To obtain a better understanding of the importance of transcription factor DNA residence times on transcription regulation, we designed a series of transcription repressors differing in their DNA residence time by utilizing the modular DNA binding domain of transcription activator-like effectors (TALEs). The repressors competitively inhibited DNA binding of an endogenous transcription activator in a residence time-dependent manner. Thus transcription factor DNA residence time is a regulatory factor of transcription. This work was published in Nucleic Acids Research in 2017.

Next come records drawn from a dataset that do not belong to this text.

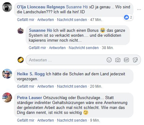 Was für den einen die Zusage zur Festeinstellung ist, ist für andere die “Buschzulage” oder der Versuch durch Dauervertretungen angehäufte Mehrarbeitsstunden abzukaufen. Die Länder suchen halt händeringend nach Möglichkeiten, die Mangelverwaltung zu organisieren. Mit dem Versuch das deputat für lehrkräfte der SII an niedersächsischen Gymnasien einseitig zu erhöhen, ist das Land ja kläglich gescheitert. Aufgrund des bestehenden lehrkräftemangels ist ein “Arbeitnehmermarkt” entstanden; Referendare können Stellen an Orten am AdW locker ablehnen, um Dienstorte ihrer Wahl zu favorisieren. Insofern bleibt nur die “Buschzulage” als finanzieller Anreiz, um Leute in die “Pampa” zu locken.
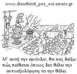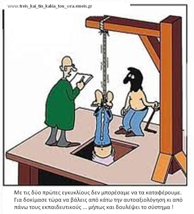 - Οι εκπαιδευτικοί στο σύνολό τους αρνούνται – όπως είναι φυσικό – την αυτοχειρία της αυτοαξιολόγησης. Η αξιολόγηση δεν «περπατάει» στα σχολεία και στην κοινωνία, όσα εκατομμύρια ευρώ κι αν ξοδέψουν κι όσο κι αν τη διαφημίσουν. Ο μόνος τρόπος που τους έμεινε πια είναι ο εξαναγκασμός. Το μόνο «επιχείρημα» που έχουν είναι ο φόβος κι η απειλή. Κι αυτό δείχνει και το τι ακριβώς είναι η αξιολόγηση – αυτοαξιολόγηση που θέλουν να φέρουν.
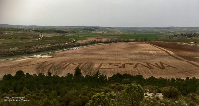 La organización agraria ASAJA Cuenca ha publicado en sus redes sociales una fotografía que está haciendo viral. Se trata de una imagen de Javier Regidor, que desde la localidad conquense de Barajas de Melo ha querido dejar escrito en la tierra un bonito mensaje en el que se puede leer Ánimo España.
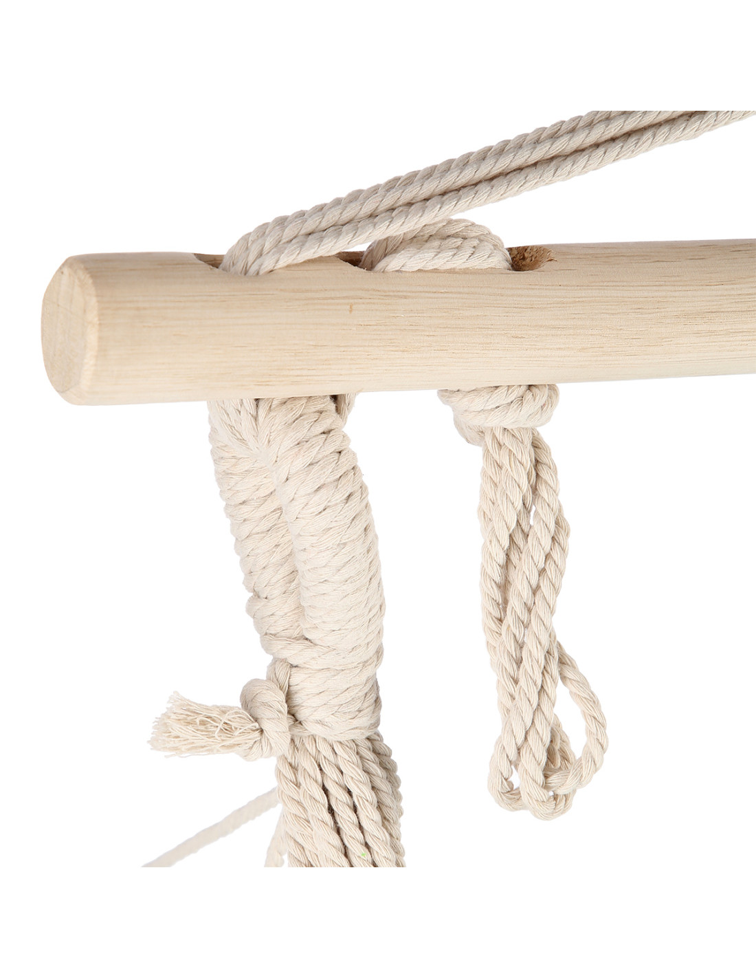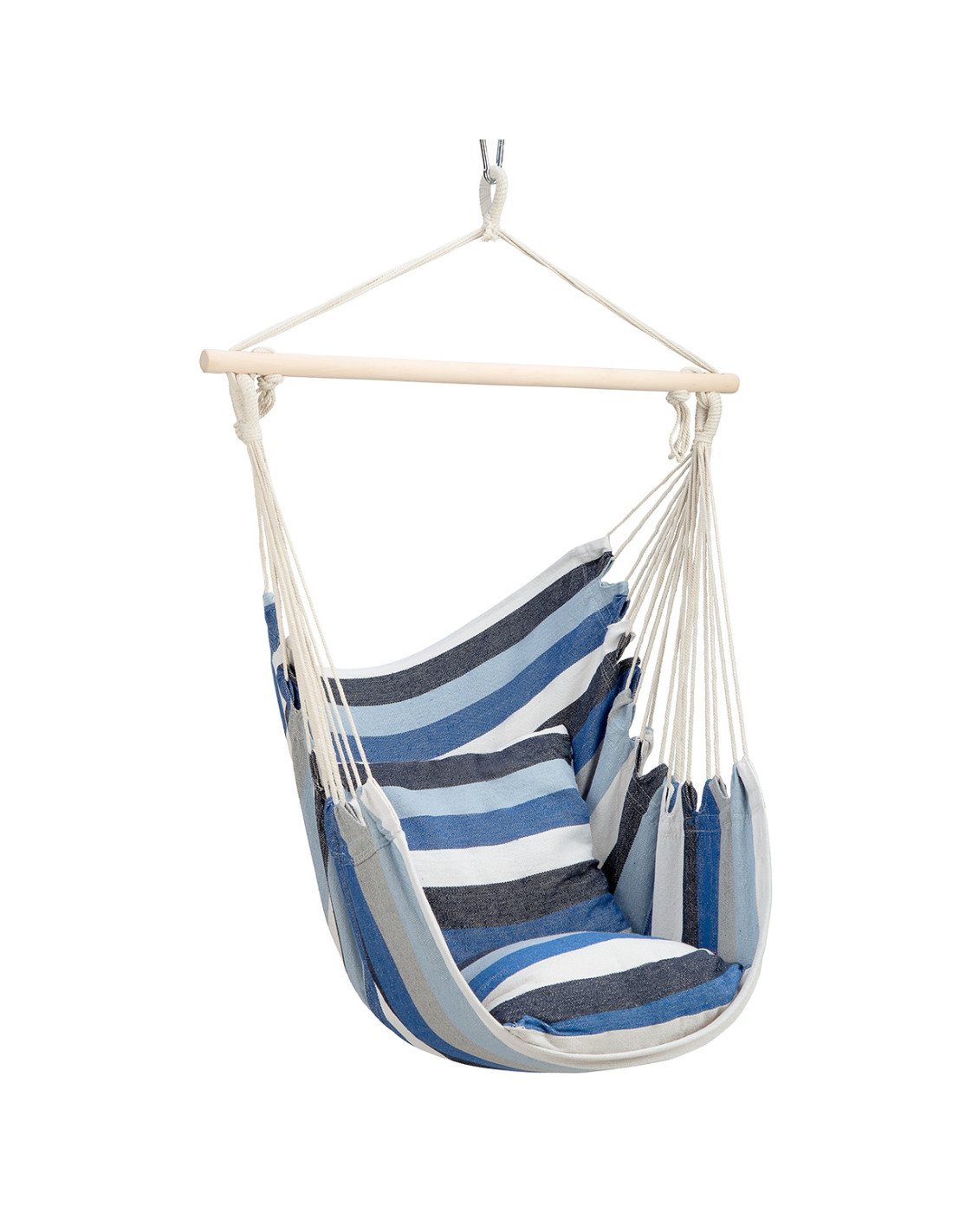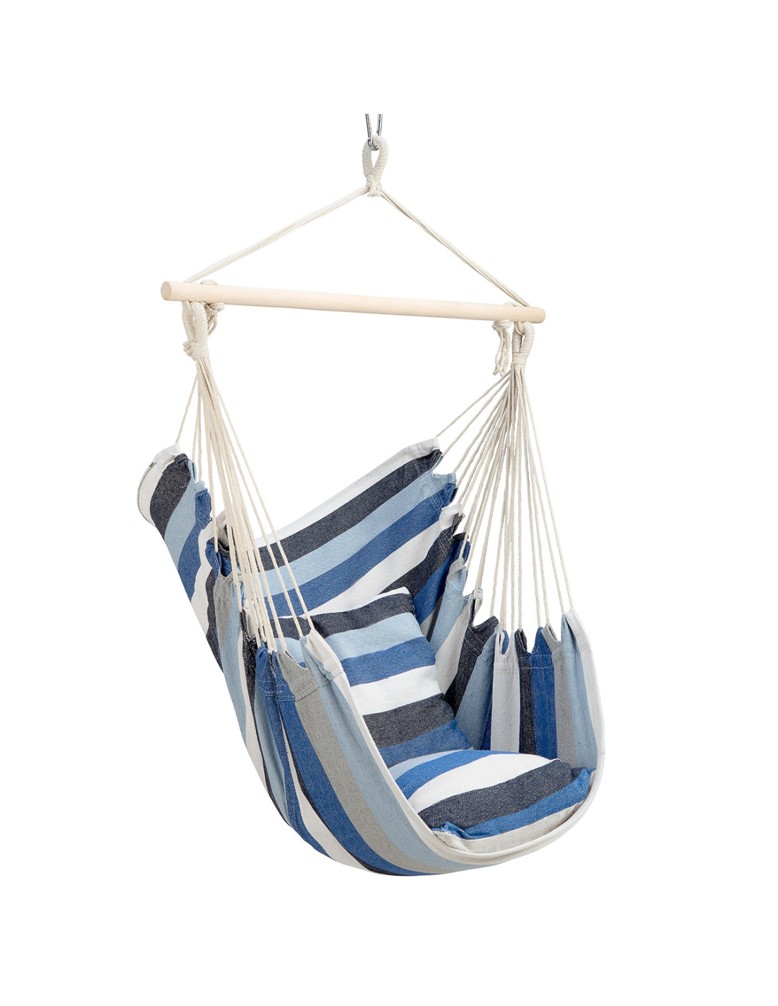 Този тип стол наподобява хамак, но е много по-лесен за поставяне. Това е така, защото го окачвате за дръжка. Това дава възможност да го поставим у дома, на балкона или в градината или дори да вземем любимия си стол на къмпинга. Този стол е и алтернатива, ако нямате достатъчно място за окачване на хамак. Подсилената стоманена дръжка ви позволява да използвате висящия стол безопасно и дълго време.
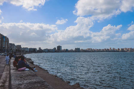 ALEXANDRIA, EGYPT - DECEMBER 17, 2017: The seaside walking area in Corniche avenue is the popular place among local students, spending their free time with friends there, on December 17 in Alexandria.
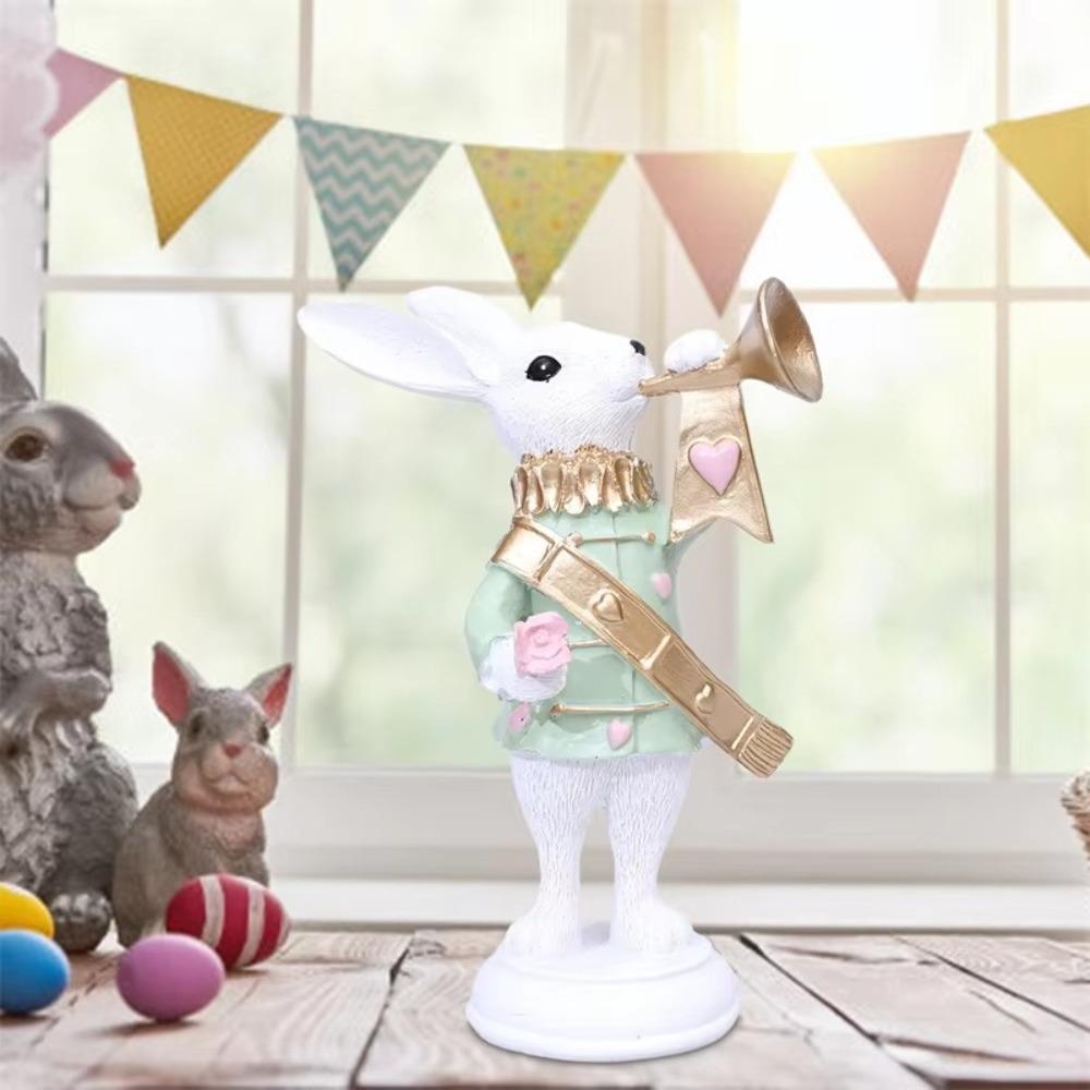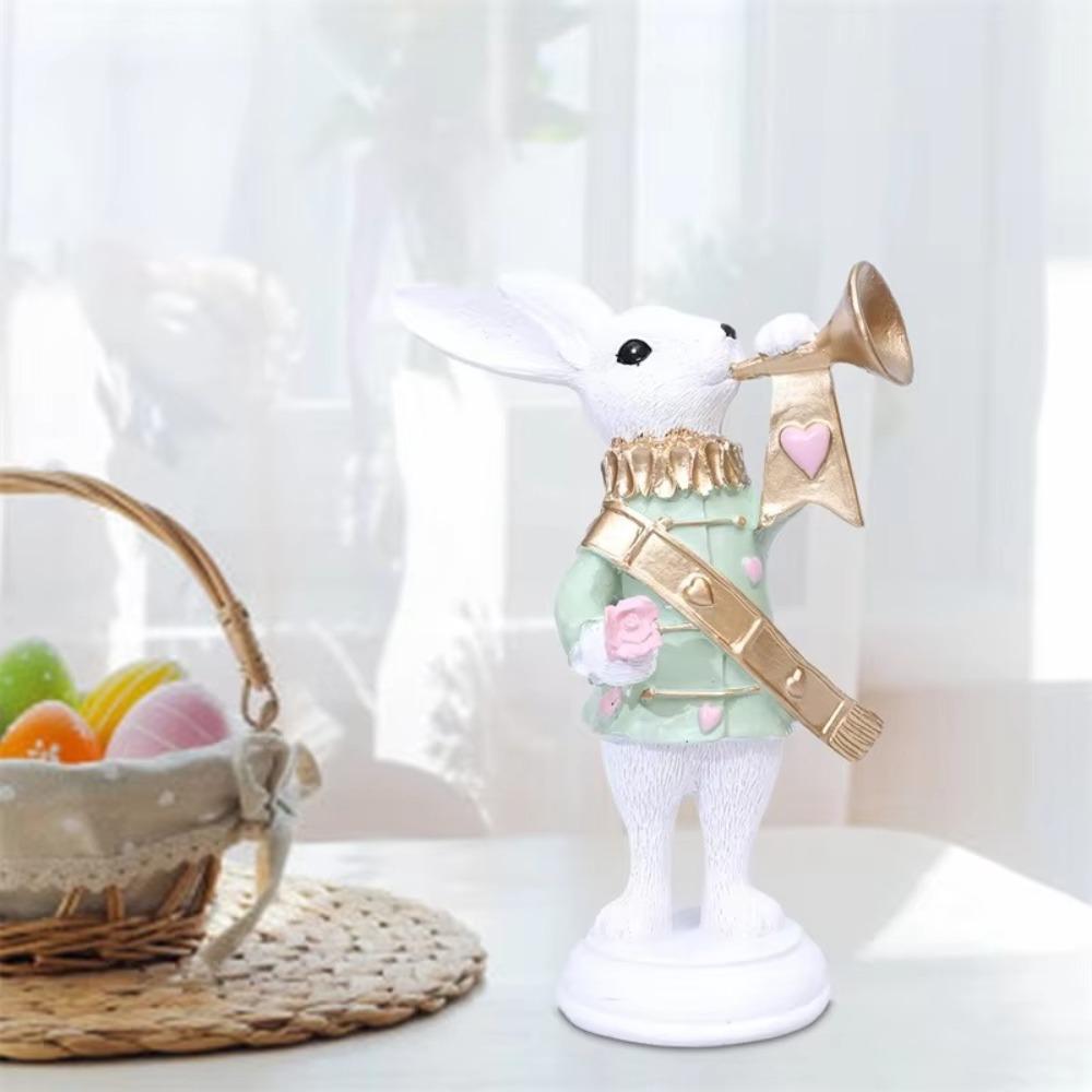 Scepter Trumpet Design Rabbit Statue Ornament Resin Crafts Animal Sculpture Party Gifts

Zebrafish embryos do not transcribe their genome during the first period of rapid cell divisions until the ~1000 cell stage. During these cell divisions each cell and its nucleus decrease in volume. We investigated transcription factor binding during this developmental period and observed that the frequency of specific transcription factor - DNA interactions increased after each cell devision cycle, in accordance with the decreasing nuclear reaction volume. This suggests that a mechanism based on the law of mass action contributes to timing of zygotic transciption onset in the embryo. This work was published on arXiv in 2017.

Final results

Our single molecule experiments on CTCF and theoretical considerations of DNA residence times revealed important details on the mechanism of action of this architectural protein:
- how it searches and finds its specific sites amongst myriads of unspecific sequences
- how long specific sites are occupied and thus how long loop structures are stabilized
- how cells deal with CTCF-bound chromatin during replication.

The experiments varying the DNA residence time of a transcription factor directly demonstrate the importance of this time parameter for the regulation of transcription. Analogously, other processes relying on protein-DNA interaction, such as CTCF-mediated loop formation, will depend on the lifetime of the protein-DNA bond. In addition, these experiments established the DNA binding domain of TALEs as tool to study temporal aspects of gene regulation and chromatin architecture.

Our single molecule experiments on TBP-DNA interactions in live developing Zebrafish embryos brought forth several very important new experimental possibilities and scientific insights:
- by using reflected light sheet microscopy, single molecule tracking can now be performed in the natural envireonment of live developing embryos for several hours
- by using interlaced time-lapse microscopy, biomolecular interaction kinetics such as protein-DNA interactions can be quantified even during rapid cell division cycles
- the nucleus plays a role as decreasing reaction volume during early embryo development. Intranuclear biomolecules are thus concentrated during development, with tremendous impact on the fraction of biomolecules entering a complexed state.